:: THE TASK ::
Starting from the line with "小(3画)酒(11画)井(4画) 義(13画)孝(7画)", please copy exactly every line to the end of the listing, but not the pictures.
----------
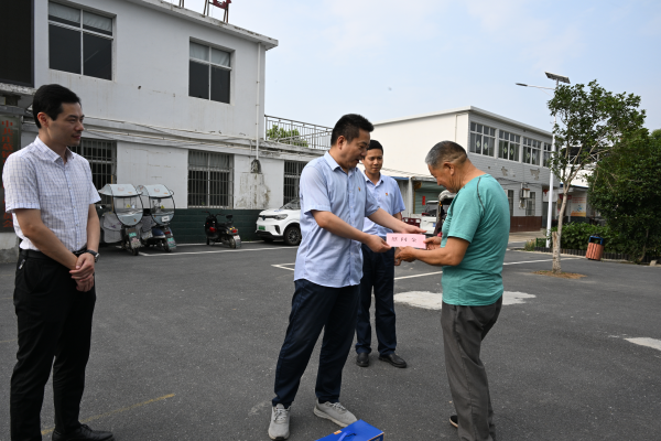 在棗林社區(qū),褚有春首先與社區(qū)工作人員進(jìn)行了親切交流,了解了社區(qū)的基本情況。隨后,在莊墓鎮(zhèn)組織委員吳瑾陪同下先后走訪了三位困難老黨員的家庭。在走訪過程中,褚有春詳細(xì)詢問了老黨員們的身體狀況、生活情況以及存在的困難并為他們送上了慰問品和慰問金,也鼓勵他們繼續(xù)發(fā)揮余熱,為社區(qū)的發(fā)展和穩(wěn)定貢獻(xiàn)自己的力量。
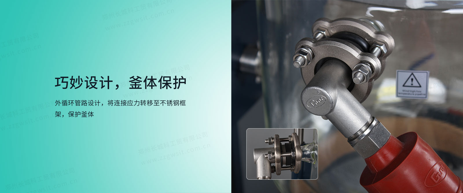 ● 夾套進(jìn)、出液口連接不銹鋼保溫軟管,減少進(jìn)出液口應(yīng)力。
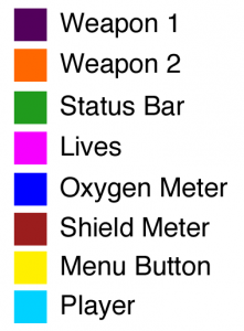 Although not shown explicitly, I've also considered the form of the oxygen and shield meters. Initially I considered a gauge design, in keeping with the underwater theme of the game. However, this may be difficult to read at the small sizes of the meters, so an alternative would be to have a "draining sphere" effect, with the apparent liquid level in the meters falling as oxygen/shield strength dropped. I intend to prototype both of these styles to make a final decision.
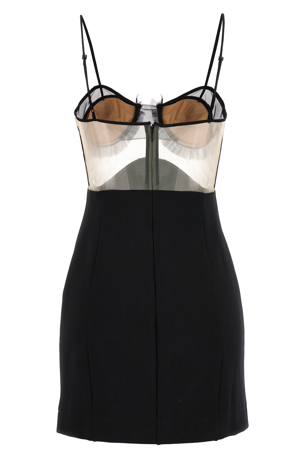 'Explosive Flower Bra' dress in stretch fabric with tulle inserts, padded cups, thin adjustable straps, and back zip closure.
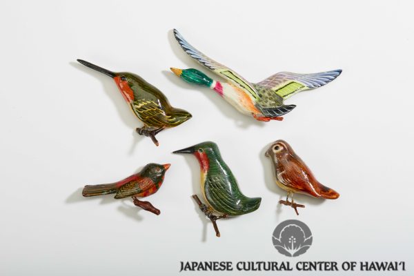 Five hand-painted wooden birds carved by Meijiro Hayashi at Honouliuli Internment Camp. JCCH/Hayashi Meijiro Collection.
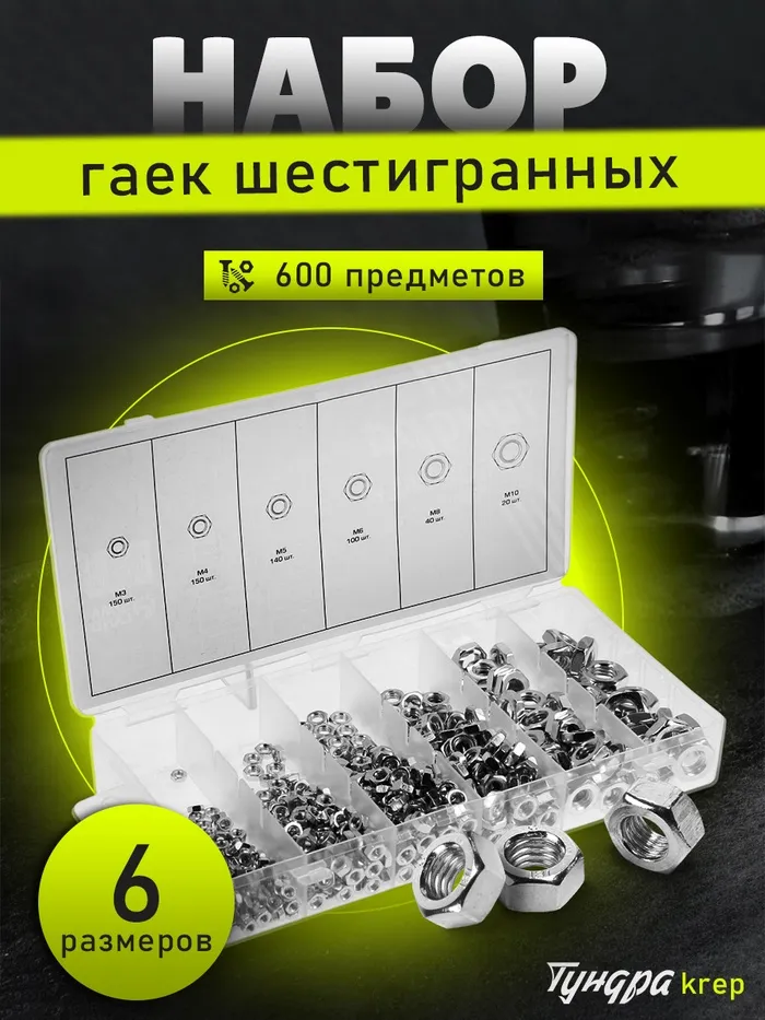 Набор гаек шестигранных ТУНДРА krep, 600 предметов
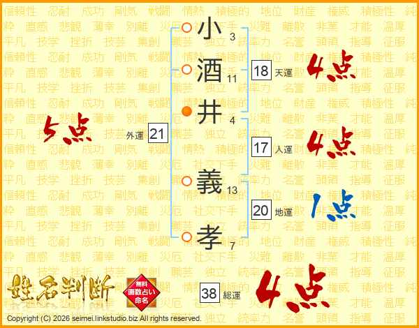 小(3画)酒(11画)井(4画) 義(13画)孝(7画)
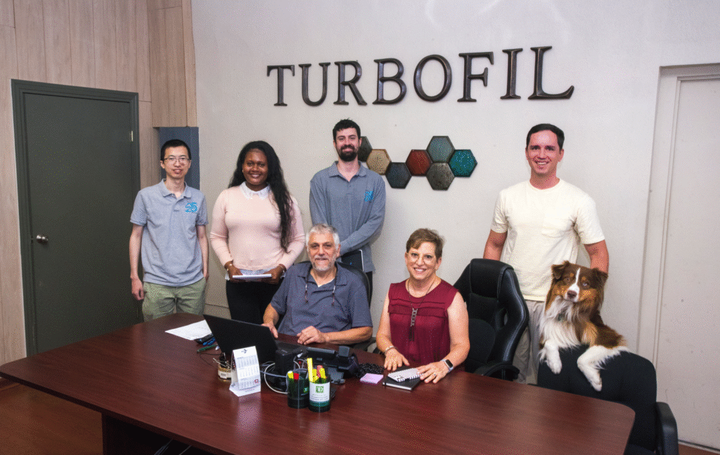 TurboFil principles Eli Uriel (seated, left) and Deborah Smook (seated, right) meet with team members at the company’s Mount Vernon headquarters, accompanied by the official TurboFIl Team Mascot, Teddy.
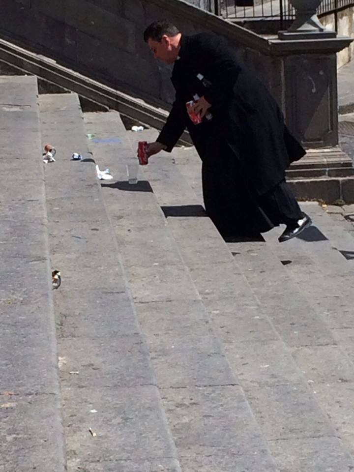 Biancavilla, prete-spazzino dopo il sabato sera «Succede ogni fine settimana, servono le multe»
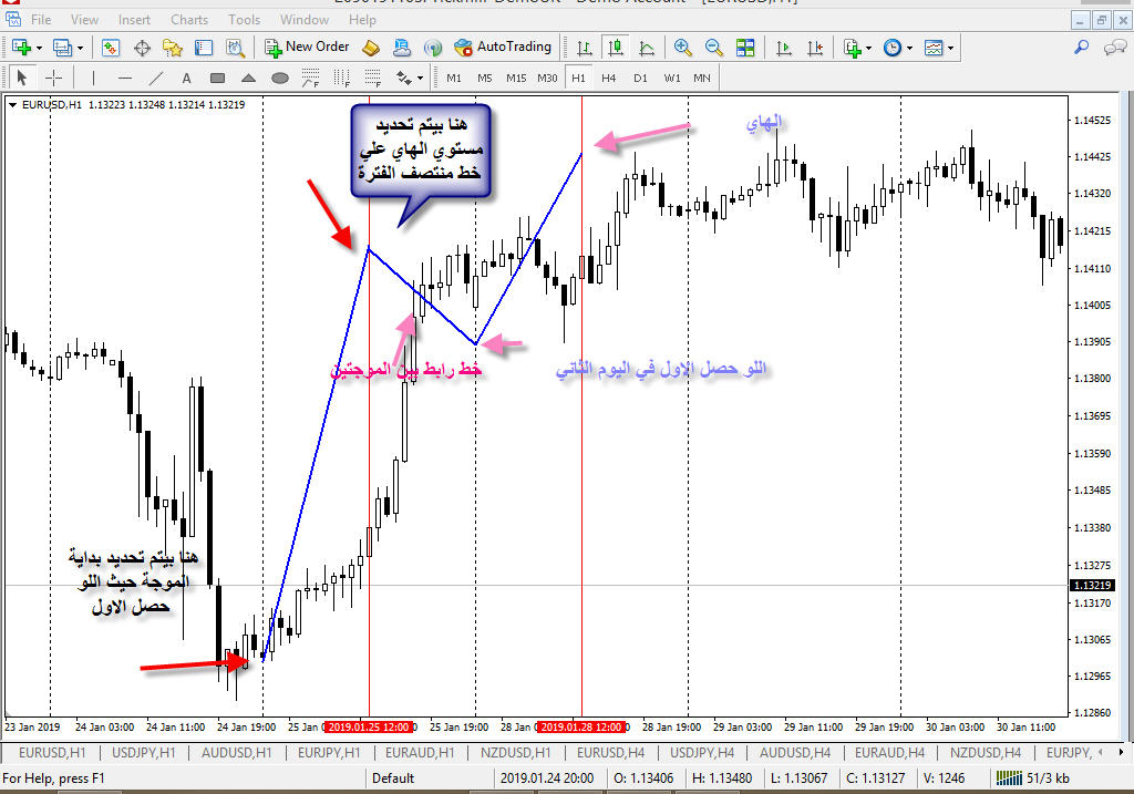 فمثلا علي فريم الساعة يتم تحديد الهاي و اللو خلال اليوم
----------
:: SOLUTION TO THIS PROBLEM ::
 小(3画)酒(11画)井(4画) 義(13画)孝(7画)
 TurboFil principles Eli Uriel (seated, left) and Deborah Smook (seated, right) meet with team members at the company’s Mount Vernon headquarters, accompanied by the official TurboFIl Team Mascot, Teddy.
 Biancavilla, prete-spazzino dopo il sabato sera «Succede ogni fine settimana, servono le multe»
 فمثلا علي فريم الساعة يتم تحديد الهاي و اللو خلال اليوم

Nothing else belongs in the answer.